Надежду он заволок в какую-то каморку, где пахло не бойней, а осенней степью, и где пол покрывала не кровавая грязь, а охапки сушеных трав. Она пребывала в ясном сознании, однако у Артема создалось впечатление, что ее прежде неисчерпаемые силы дошли до предела. Ободранная ладонь продолжала сочиться кровью, что было весьма нехарактерно для максаров, куда более живучих, чем кошки. Взгляд потух, а на бледной коже проступил лихорадочный румянец. Объяснение здесь могло быть только одно: развивающийся плод отнимал у Надежды чересчур много энергии. Будущий Губитель Максаров буквально сжигал тело своей матери изнутри.
После схватки в мертвецкой ситуация кардинально изменилась, и ее следовало тщательно обсудить, однако Надежда смогла говорить лишь несколько часов спустя. По ее соображениям, приближающиеся роды обещали быть тяжелыми, и поэтому она решила дождаться их в этом подземелье, благо недостатка в пище, воде и всевозможных снадобьях здесь не ощущалось. О Калеке не было сказано ни слова — оба они понимали, что их товарищ был заранее обречен на смерть вне зависимости от исхода схватки со Стардахом. Иллабран Верзила сознательно пошел на самоубийственный размен.

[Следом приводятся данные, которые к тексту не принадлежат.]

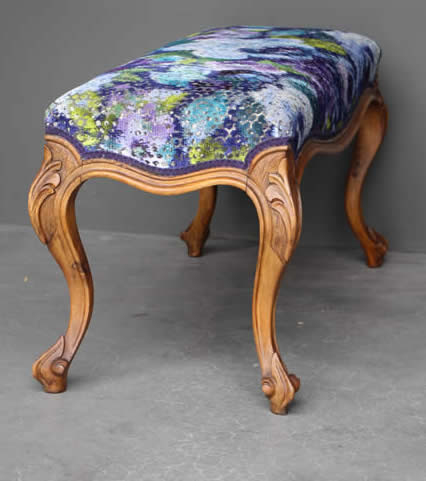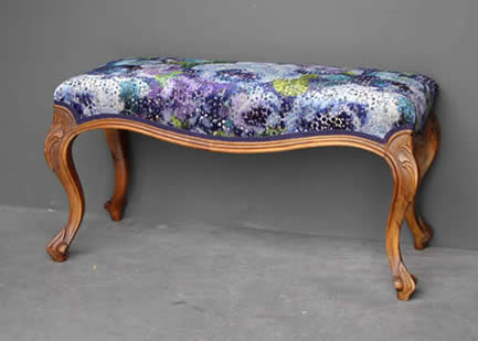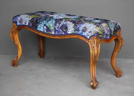 Title   French Louis XV carved rococo walnut long stool velvet brocade after Monet's Water Lillies painting

Затем, по просьбе Надежды, Артем снял Яшта с рамы и за руку привел в каморку. «Спи!» — сказала она, и жестянщик сразу уснул. Возможно, сейчас это для него было самое лучшее лекарство.
Оставалась проблема Стардаха. Даже Артем соглашался, что отпускать его на волю, даже безоружного, нельзя ни под каким предлогом. Можно было, конечно, оставить его в мертвецкой умирать от голода и холода, но даже в этом положении он представлял немалую опасность. Для воли максара, в отличие от тела, не существовало никаких преград, и она могла призвать к себе на помощь еще невиданных доселе монстров, рассеянных в дальних и ближних краях. Само собой напрашивалось единственное решение: сбросить Стардаха вместе с рамой в ледяную бездну.

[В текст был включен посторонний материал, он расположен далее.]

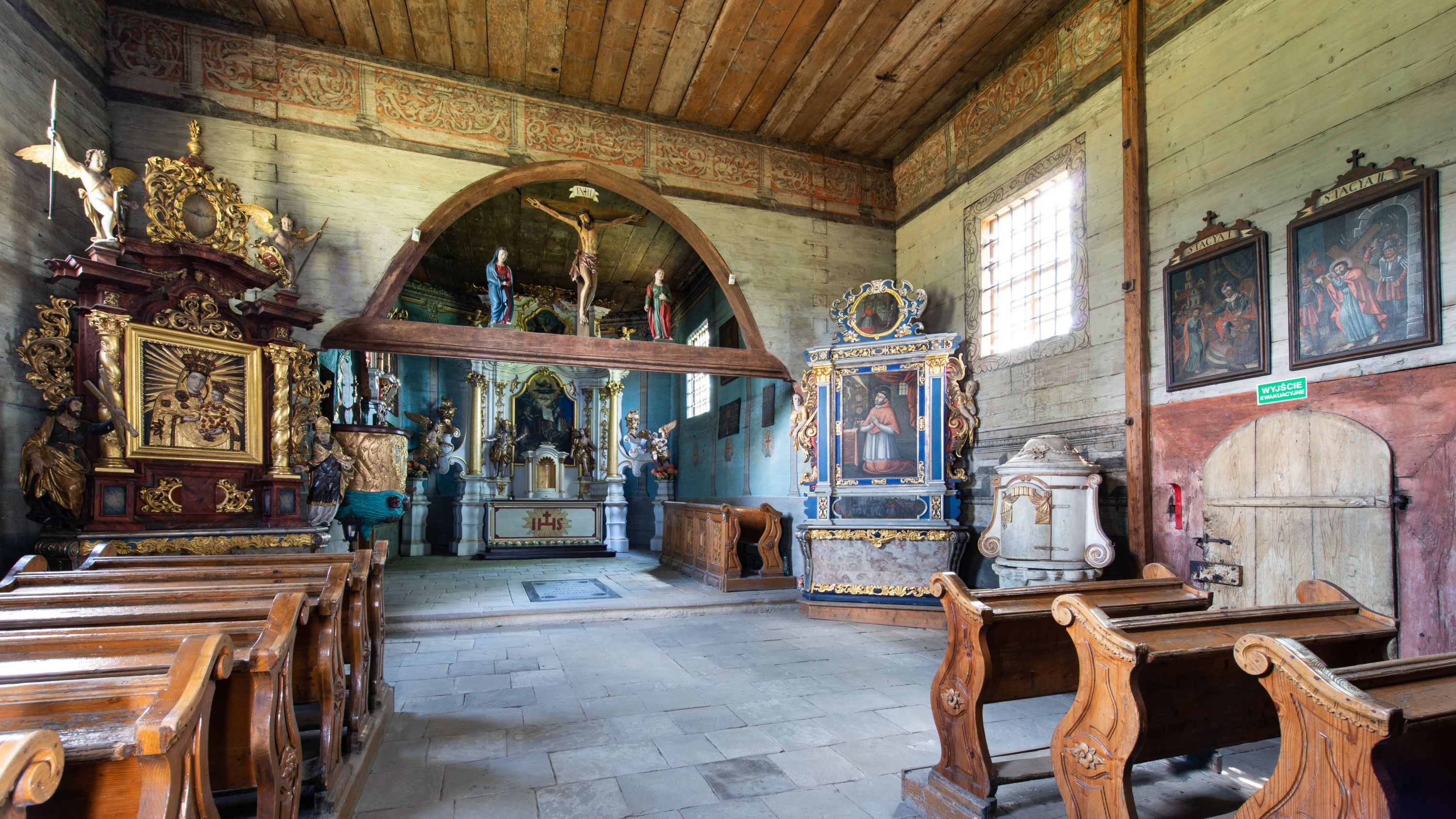 Kościół jest usytuowany ustronnie na stoku wzniesienia, otoczony starodrzewiem i parkanem, ujmującym stary cmentarz z nielicznymi mogiłami i nagrobkami. Orientowaną świątynię w całości wzniesiono z drewna. Zastosowano konstrukcję zrębową na murowanej podwalinie z murowaną kryptą pod prezbiterium. Nawa kościoła jest prawie kwadratowa. Od wchodu przylega do niej węższe prezbiterium zamknięte trójbocznie. Przy jego północnej ścianie wzniesiono bezokienną zakrystię z wejściem od strony wschodniej. Od zachodu z nawą łączy się wieża na rzucie kwadratu wzniesiona na tzw. słup. Ma pochyłe ściany, szalowane w dolnej części deskami, a w górnej podbite gontem. Wieża zakończona jest nadwieszoną izbicą, zwieńczoną ostrosłupowym hełmem gontowym. W połowie wysokości wieżę opasa pulpitowy daszek gontowy łączący się po bokach z dachem nawy. Pod wieżą urządzono obszerną kruchtę. Wysokie i spadziste dachy kościoła pokryte są gontem. Więźba ma konstrukcję storczykową. Ponad wschodnim szczytem nawy usytuowano nadwieszoną wieżyczkę na sygnaturkę o kształcie cebulastym z latarnią zwieńczoną krzyżem. Całość bryły kościoła (z wyjątkiem wieży) obiegają otwarte soboty, w które przed zakrystią od wschodu wbudowano nowy przedsionek. W nawie od południa znajduje się profilowany portal z nadprożem wykrojonym w ośli grzbiet. Umieszczone w nim drzwi zostały zaopatrzone w stare okucia i antabę. Wnętrze nawy i prezbiterium nakryto płaskimi stropami z pozostałościami późnorenesansowych malowideł z motywem kasetonów z rozetami. Łuk tęczowy jest ostry. Spływa na profilowaną belkę, która jest wsparta na kroksztynach. Na belce tęczowej został ustawiony krucyfiks oraz figury Matki Boskiej i św. Jana Apostoła. Chór muzyczny z dekorowanym malarsko parapetem został wsparty na dwóch słupach. W świątyni znajduje się rokokowy ołtarz główny z obrazem ze sceną Zwiastowania NMP. Dwa ołtarze boczne ustawione zostały przy łuku tęczowym. Prawy ołtarz boczny św. Karola Boromeusza pochodzi z drugiej połowy XVII wieku. Na to miejsce trafił on w połowie XX wieku z kaplicy pałacu w Osieku. Lewy ołtarz boczny jest późnobarokowy z około 1700 roku. W jego centrum umieszczono obraz Matki Boskiej Piekarskiej. Na północnej ścianie nad wejściem do zakrystii zawieszono epitafium Mikołaja i Beaty z Mirowa Porębskich z 1611 roku. Wcześniej epitafium pełniło rolę retabulum w miejscu stojącego dziś ołtarza św. Karola Boromeusza. W prezbiterium przy łuku tęczowym zawieszono rokokową ambonę w kształcie łodzi, na którą wejście prowadzi z zakrystii. Przy wejściu do nawy znajduje się kamienna chrzcielnica z początku XVI wieku, ozdobiona herbem Fogelweder, z drewnianą, późnobarokową nakrywą. W zakrystii zachował się także rokokowy drewniany lawetarz z drugiej połowy XVIII wieku.

— Нет, — сказал Артем. — Я не в состоянии прикончить его теперь, когда он не может защищаться. Если хочешь, называй меня трусом. Да и тебе не советую делать это. Тот, кто носит в себе новую жизнь, не должен запятнать душу убийством. Это будет плохим предзнаменованием.
Решено было вернуться к этому вопросу позже, а пока Артем отправился в мертвецкую за клинком и телом Азда, которого решено была похоронить по обычаям жестянщиков — то есть сжечь на огне.
Явился он как раз вовремя. С полдюжины мартышек, возбужденно вереща, усердно штурмовали дверь. В обычных условиях трусливые и забитые, эти твари не бросились наутек, а сражались до последнего, словно загнанные в угол крысы. Оттаскивая в сторону их хрупкие, почти невесомые тела, Артем смог оценить степень отчаяния, заставившего Стардаха предпринять эту заведомо безнадежную акцию. Дверь была так тяжела, что ее не смогли бы открыть и полсотни мартышек, даже вооруженных тараном.
Тщательно обследовав все соседние залы и не найдя там ни единой живой души, Артем вернулся к мертвецкой. Дверь он оставил открытой настежь и даже подпер какой-то бочкой. За время его отсутствия ничего здесь не изменилось — все так же возвышались горы заледенелых трупов, все так же из невидимой дыры межпространственного перехода тянуло нестерпимой стужей, все так же поблескивали на стенах иголки инея. Стардах был жив и казался совершенно спокойным.
— Ты пришел говорить со мной? — скосив глаза (вертеть головой ему не позволяла массивная железная шина, охватывающая лоб), спросил он.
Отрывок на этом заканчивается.